Hi everyone!
I’m trying to train SAGE in unsupervised setting. I took the code from this example and changes the loss function. In the example they use binary_cross_entropy_with_logits
, but I personally feel more comfortable using cross_entropy
, so I used this loss:
class CrossEntropyLoss2(nn.Module):
def __init__(self, in_features, out_classes):
super().__init__()
self.W = nn.Linear(in_features * 2, out_classes)
def apply_edges(self, edges):
h_u = edges.src['h']
h_v = edges.dst['h']
score = self.W(th.cat([h_u, h_v], 1))
return {'score': score}
def forward(self, block_outputs, pos_graph, neg_graph):
with pos_graph.local_scope():
pos_graph.ndata['h'] = block_outputs
pos_graph.apply_edges(self.apply_edges)
pos_score = pos_graph.edata['score']
with neg_graph.local_scope():
neg_graph.ndata['h'] = block_outputs
neg_graph.apply_edges(self.apply_edges)
neg_score = neg_graph.edata['score']
score = th.cat([pos_score, neg_score], dim=0)

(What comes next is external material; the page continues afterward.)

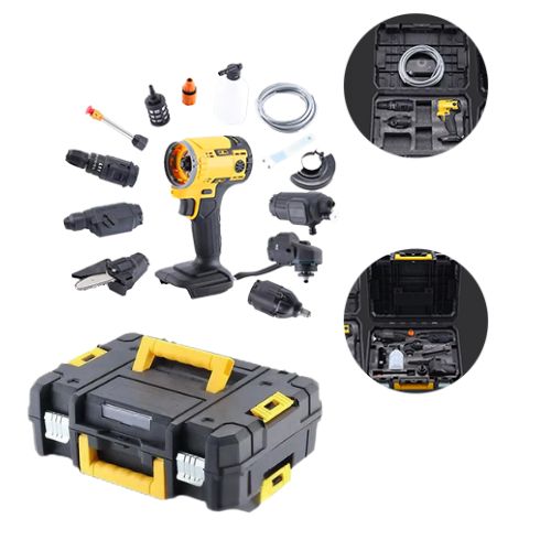 Този комплект е идеален за експерти и начинаещи. Предлага всички функции. Можете да превключвате между бормашина, отвертка, трион, ножовка и шлифовъчна машина в зависимост от работата, която трябва да извършите.
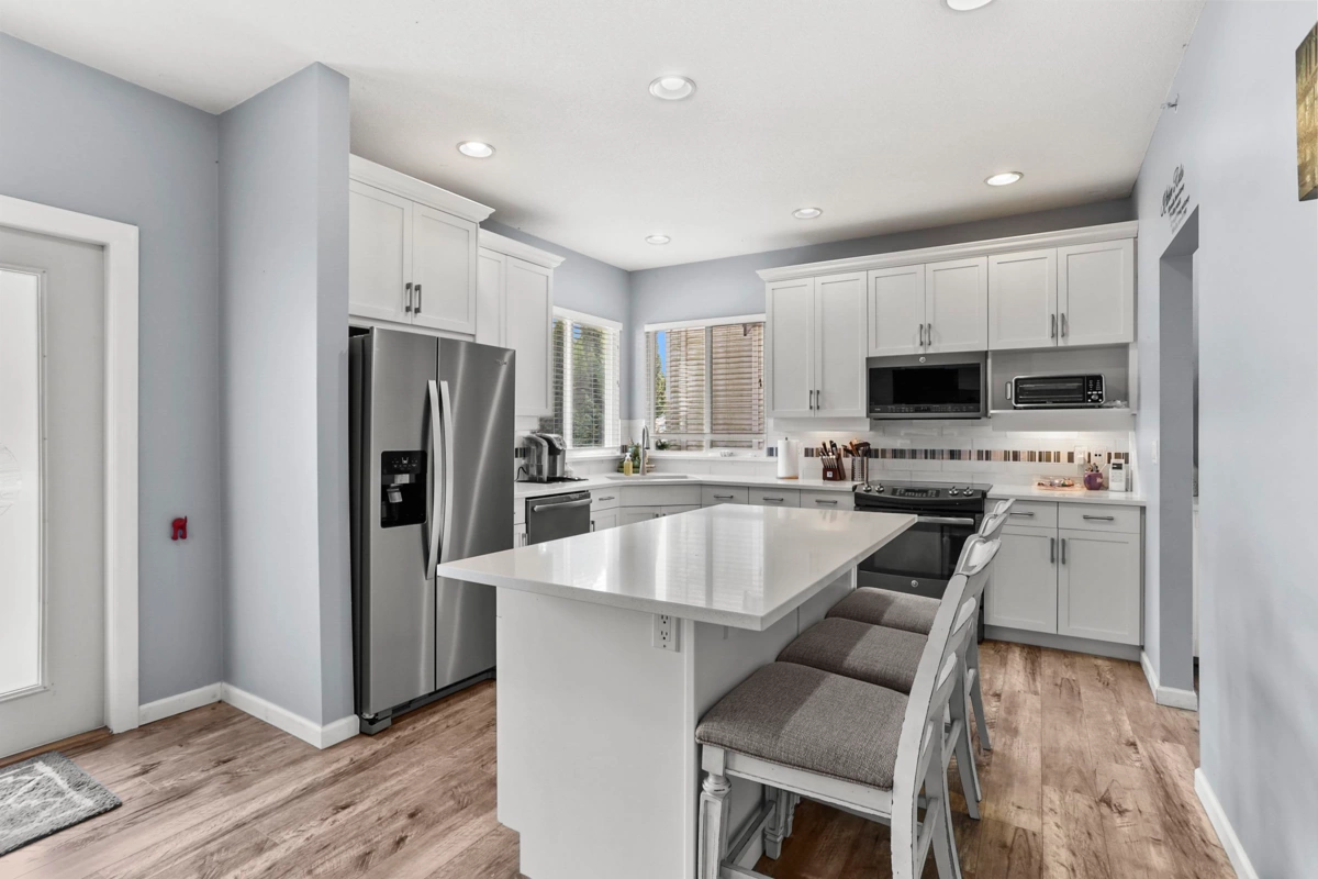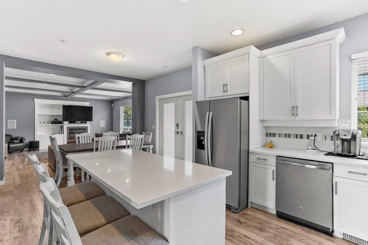 Welcome to Bonson’s Landing! This beautifully updated 2-storey home offers space, comfort and style in an ideal family setting. Featuring 3 generous bedrooms up, the primary suite impresses with a dream walk-in closet and ensuite with soaker tub and shower. The kitchen has refurbished cabinets and new quartz countertops, while fresh exterior paint enhances curb appeal. Enjoy year-round comfort with forced air heating and A/C. The backyard is fully renovated with irrigation, artificial turf, paved walkway and gazebo, creating a private retreat for relaxing or entertaining. A long flat driveway and double garage add convenience, and the location is unbeatable—close to the Golden Ears Bridge, walking distance to Osprey Village and in one of Pitt Meadows’ most desirable neighbourhoods.

label = th.cat([th.ones(len(pos_score)), th.zeros(len(neg_score))]).long()
loss = F.cross_entropy(score, label)
return loss
I trained the model on the Cora dataset. I want to know what nodes the model predicts to be connected for the node I select, so I write the function which takes one source
node and computes score between this node and all the other nodes:
def get_top2(g, embeddings, W, source, top_k):
if source is None:
source = np.random.choice(g.num_nodes())
print(source)
u = th.full((g.num_nodes(), ), source)
v = th.arange(g.num_nodes())
h_u = embeddings[u]
h_v = embeddings[v]
edge_probas = W(th.cat([h_u, h_v], dim=1)).softmax(dim=1)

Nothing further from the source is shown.